So it very much varies, obviously by project. A lot of the repowering is locked in. I don't have a specific in mind, but the general sourcing of it, materials and so on, is largely at risk from a GE perspective and Mitsubishi perspective depending on the elements of the project that they we're working on. So I'd say very major components from a cost perspective. The other thing that when we -- what the pressures are out today, there's 2 components. One is the actual cost of material and supply demand balance. But where we're seeing the major pressure on cost is on transportation. And the general perception is that there's -- right now, there has been a significant increase in terms of a couple of hundred percent in terms of transportation costs. But that will subside. And a lot of the deliveries associated with that Genesee repowering would be on the other side of that delivery. And a lot of that project is actually being sourced out of the United States. So don't really expect that element of pressure to impact on that project. When we look at the renewable projects, the ones in Alberta, a lot of the contracting per se was done prior to cost pressure. So we do see some delivery cost pressures impacting on the Alberta projects. We think that those are permit forward and expect that the impact would be relatively modest on the project. We don't see any cost going sort of out of control and continue to be pretty bullish on those. When we look at the U.S. renewable projects, the contracting for those is still somewhat open. We do have some supply elements in place. And as we move forward, we do expect that the -- particularly, again, as I've mentioned earlier, the costs associated with transportation to be declining, which is where we're seeing the greatest cost pressure in terms of the supply chain associated with our facilities.

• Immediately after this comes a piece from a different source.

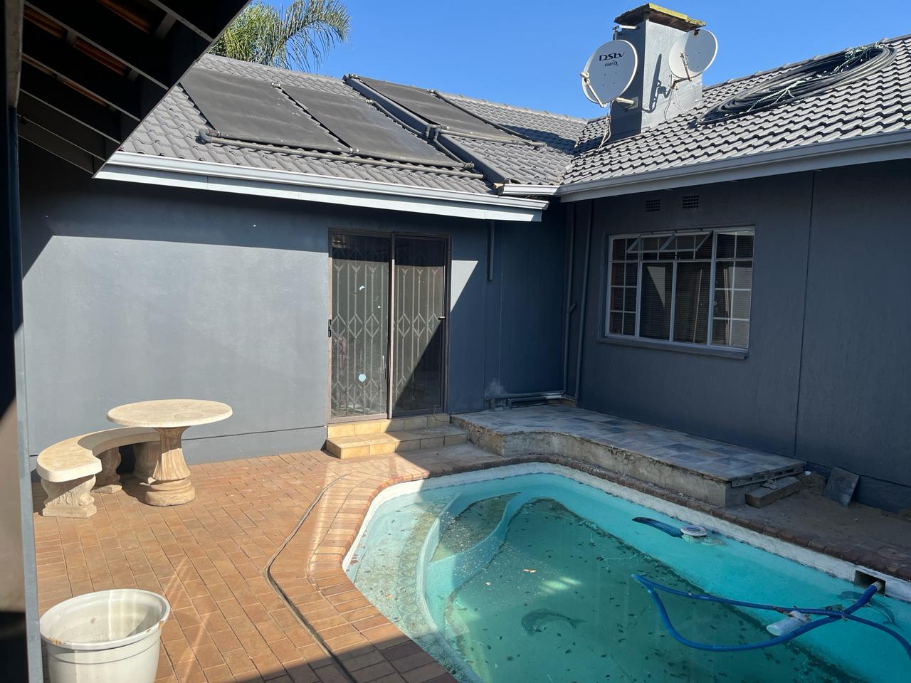 Sparkling Swimming Pool and newly painted, well-kept yard

And then with those solar projects in the Carolinas, do you have some flex in terms of start date of COD if you do kind of want to go away from some of these more transient effects that you're talking about?
Yes, we do. And we've been -- even with the Alberta projects, within the construction schedule, we're able to move around some dates and change the way in which we're executing on the project to minimize the impact of some of these pressures.

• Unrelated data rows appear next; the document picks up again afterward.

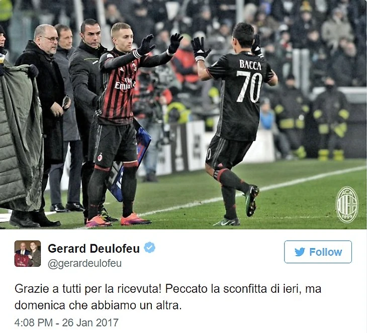 Жерар Деулофеу перешел в «Милан» 23 января и спустя 2 дня вышел на замену в кубковой игре против «Ювентуса». По окончании матча, завершившегося поражением (1:2), 22-летний форвард попытался блеснуть знаниями итальянского языка, но сел в лужу:
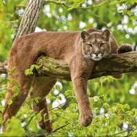 a natural setting, possibly a forested area, which is consistent with the puma's habitat.
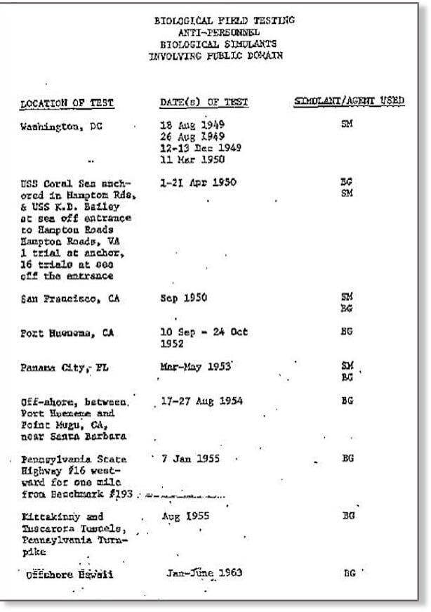 Ce que le Pentagone fait aujourd’hui est exactement ce qu’il a fait dans le passé, ce qui signifie que son programme d’armes biologiques n’a jamais pris fin. L’armée américaine a effectué 27 essais sur le terrain avec de tels substances simulant des agents biologiques, impliquant le domaine public de 1949 à 1968, lorsque le président Nixon a officiellement annoncé la fin du programme.

Got it. Then I want to come back to the Alberta market and talk about hedging in the forwards. Maybe just on the forwards, 2022 has come up nicely obviously this year. 2023 is starting to move up a little bit, but not nearly as much as 2022. I guess the view would be that there's new supply coming. But when you look at your repowering work that's more late 2023, is your assumption that there's still a chance that '23 forwards have moved higher when you think about supply demand?

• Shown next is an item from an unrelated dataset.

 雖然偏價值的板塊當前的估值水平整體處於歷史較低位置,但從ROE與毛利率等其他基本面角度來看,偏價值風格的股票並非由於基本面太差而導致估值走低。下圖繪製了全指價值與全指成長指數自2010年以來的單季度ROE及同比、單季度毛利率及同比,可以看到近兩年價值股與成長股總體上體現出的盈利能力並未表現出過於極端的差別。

Yes. I think, Mark, with respect to looking out as far as '23 and '24, there's less liquidity out there. And certainly, as we get closer to that date, you'll start to see more reflective forwards of where they will. You're correct with respect to increased supply during those periods of time, but we also expect higher carbon taxes as well. So I do think there is upside to those years, but we won't see that until we get another year out or so, sort of similar to what you're seeing in 2022. It's starting to be more representative currently, but the other years need to see more liquidity before it will start to fully reflect where we would see it settling in those years.
Okay. And then when you look at the 2022 hedge position, you've taken it up to average pricing, seems to have gone a little higher in pricing now you're now starting to lock in some forwards in the $60 range, at least. That's still below where the forwards are. Like would you still want to keep adding more forwards here into 2022? Or like could you start to slow down here as you approach 50% hedging because obviously prices on the foreign curve are north of $70 right now?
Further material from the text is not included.